Maine’s young people are ready to talk politics. Are you?

Linnaea Herring is a senior at Yarmouth High School. Nathaniel Zuckerberg is a senior at Bates College. Both are members of the Youth ACT Research Lab at Bates College.
Since 2022, high school students from across Maine have risen early on cold December mornings, boarded buses and headed for the Augusta Civic Center for Can We? Connect. As they shuffle into a large auditorium, they are immediately instructed to sit with strangers, generally a scary proposition.
But these students charge ahead, knowing their task is to seek out new perspectives. They spend the rest of their day in breakout rooms, engaging in difficult conversations with people who hold vastly different viewpoints. Students from hunting families, lobstering towns and urban centers come together to discuss issues ranging from capitalism to religion to immigration.
These young Mainers are all participants in the Can We? Project, a statewide educational organization that supports constructive dialogue across differences. Though most are not yet able to vote, teen participants navigate these conversations keenly aware of the political polarization plaguing their communities and nation.
While political divisions in our purple state are high, the students in Augusta each December prove that conversation about these very topics is possible and transformative.
As part of the Youth Lab at Bates College, a developmental psychology research lab run by Assistant Professor Elena Maker Castro and including Bates College student members Dionne Chen, Yuleibi De Los Santos and Ariya Tayal, and Yarmouth High School members Grace Keaney and Aubrey Favreau, we write as past participants and current researchers of the Can We? Project.
For those of us writing to you as past Can We? Project participants, we attest to the power of dialogue not only to learn about current events and others’ experiences but also to form our own opinions. It can be easy for us, as young people, to accept the beliefs reverberating through our homes and schools.
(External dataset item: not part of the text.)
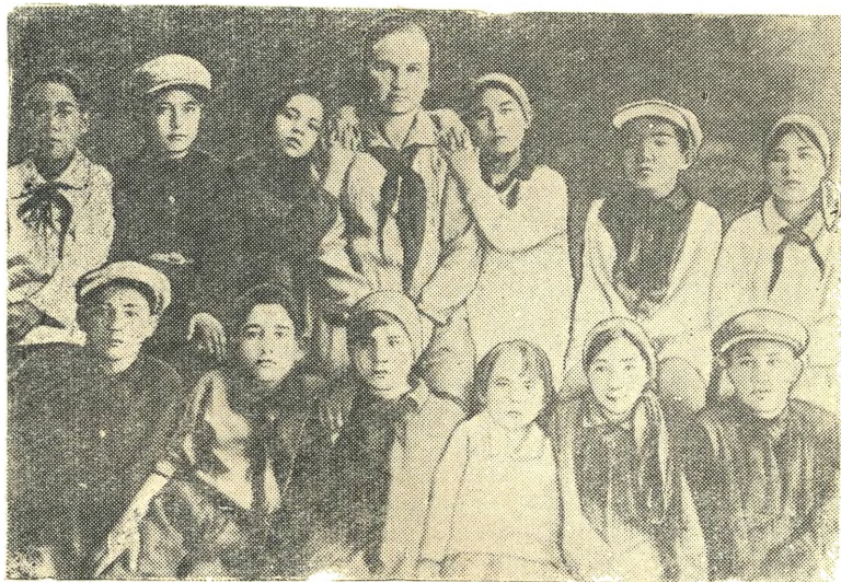
Интернат им. Эне Кулиевой после объединения с детдомом им. Ильбаева. 1931 год.

По мере преодоления затворничества женщин и девушек и феодально-байского отношения к ним со стороны мужчин, отпадала необходимость в подобных обособленных женских организациях. Партия направляла работу таких организаций к постепенному слиянию их с общими комсомольскими, пионерскими организациями, клубами, школами ликбеза, производственными бригадами и т. д. Так, например, в 1931 году интернат (для девочек) имени Эне Кулиевой был объединен с интернатом (для мальчиков) имени Ильбаева.

But when we engage in active dialogue, we are forced to voice these opinions as our own and consider why we hold them and what evidence supports them.
Polarization is one reason young people like us are so desperate for conversations. We grow up hearing only one side and are naturally inquisitive about other perspectives. Simultaneously, through our lab’s youth development research with Can We? participants, we have found that teenagers are cognitively and socioemotionally ready and eager to practice dialogue.
We have seen how the Can We? Project creates a developmentally potent space that meets young people where they are. Students in the program receive clear messages: they are capable of active civic engagement, and their voices matter. Students are encouraged to “swim toward the shark” (the shark being an unknown person with an unknown opinion).
They also actively reflect on their experiences — as one student acknowledged, you should practice dialogue like you would build any muscle — with deliberate, repeated engagement.
Not every student can participate in Can We? this year. But as we approach the 2026
elections, we believe youth across Maine deserve every opportunity for meaningful political dialogue. Building upon our research and experience, we ask every adult with a young person in their life to start that political conversation you may have avoided.
Please swim toward the shark. While this is undoubtedly daunting, we suggest these tips to meet adolescents where they are developmentally.
First, we encourage adults to approach conversations with curiosity and a genuine interest in listening to learn from others’ perspectives. Set a clear intention to avoid imposing your beliefs. Second, we suggest integrating multiple perspectives into the conversation to support adolescents as they develop their reasoning and critical thinking skills.
We recognize providing a range of perspectives can be difficult, especially for parents who may want children to share their moral and ideological compasses. But we must trust young people to be capable, critical and motivated thought partners and citizens. Youth are our future voters and leaders, and adults owe them every opportunity to advance their thinking and beliefs.